• [Work task]
The listing below holds a line with "(서울=포커스뉴스) 21일 서울" and a line with "Women's Vintage Skeleton". Reproduce those two lines exactly, plus everything between them.

• [The data]

====================

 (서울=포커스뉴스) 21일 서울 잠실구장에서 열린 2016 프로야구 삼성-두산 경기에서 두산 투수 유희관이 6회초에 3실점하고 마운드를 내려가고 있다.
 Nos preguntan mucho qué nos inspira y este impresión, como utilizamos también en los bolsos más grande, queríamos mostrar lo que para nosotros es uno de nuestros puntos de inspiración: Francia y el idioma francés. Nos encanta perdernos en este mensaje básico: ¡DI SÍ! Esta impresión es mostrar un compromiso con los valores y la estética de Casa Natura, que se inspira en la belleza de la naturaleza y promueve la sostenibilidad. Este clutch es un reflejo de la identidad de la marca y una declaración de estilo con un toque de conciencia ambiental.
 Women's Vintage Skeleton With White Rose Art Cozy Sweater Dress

====================

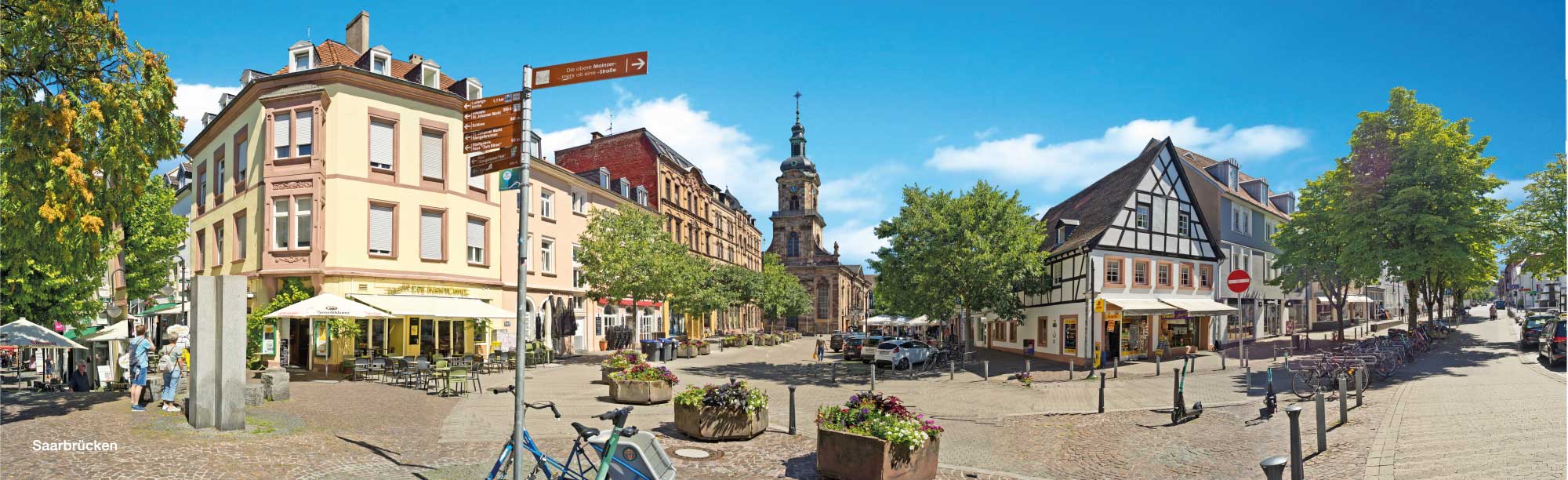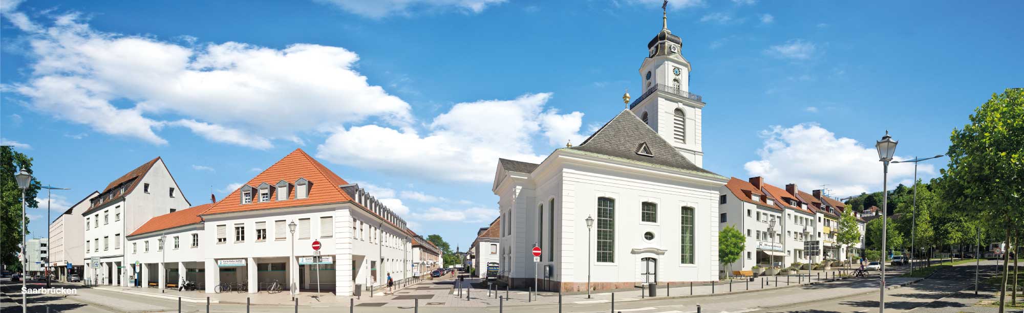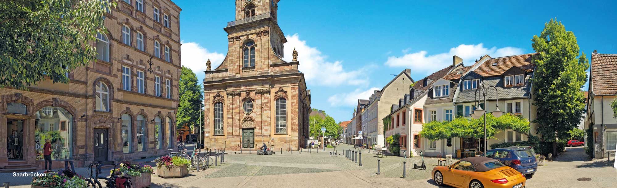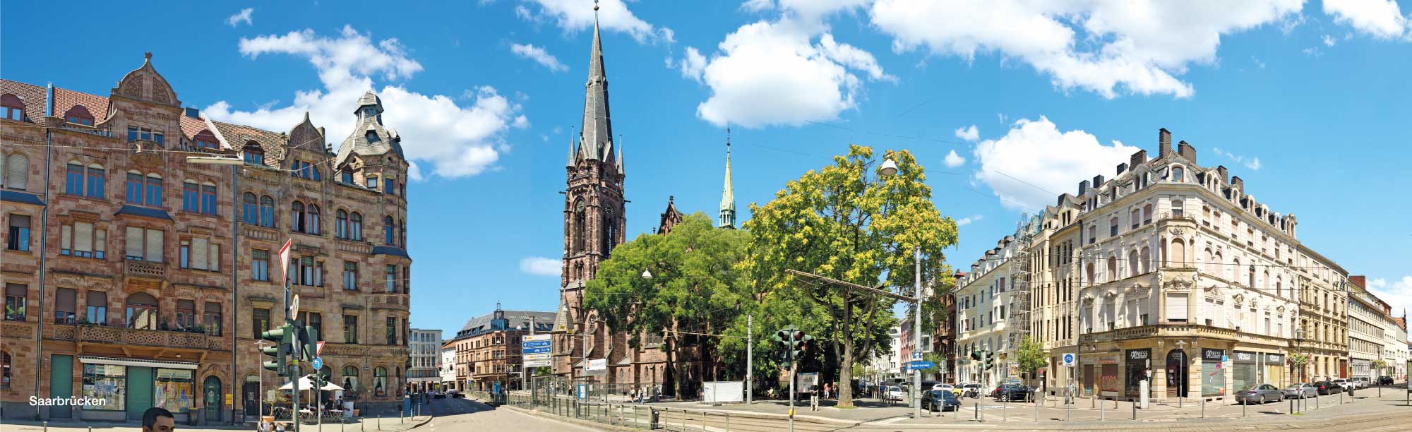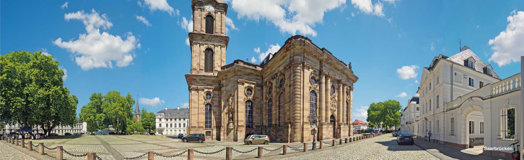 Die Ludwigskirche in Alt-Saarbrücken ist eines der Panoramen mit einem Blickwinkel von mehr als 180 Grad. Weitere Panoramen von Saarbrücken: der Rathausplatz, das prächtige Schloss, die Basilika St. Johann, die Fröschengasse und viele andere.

====================

• [Result]
 (서울=포커스뉴스) 21일 서울 잠실구장에서 열린 2016 프로야구 삼성-두산 경기에서 두산 투수 유희관이 6회초에 3실점하고 마운드를 내려가고 있다.
 Nos preguntan mucho qué nos inspira y este impresión, como utilizamos también en los bolsos más grande, queríamos mostrar lo que para nosotros es uno de nuestros puntos de inspiración: Francia y el idioma francés. Nos encanta perdernos en este mensaje básico: ¡DI SÍ! Esta impresión es mostrar un compromiso con los valores y la estética de Casa Natura, que se inspira en la belleza de la naturaleza y promueve la sostenibilidad. Este clutch es un reflejo de la identidad de la marca y una declaración de estilo con un toque de conciencia ambiental.
 Women's Vintage Skeleton With White Rose Art Cozy Sweater Dress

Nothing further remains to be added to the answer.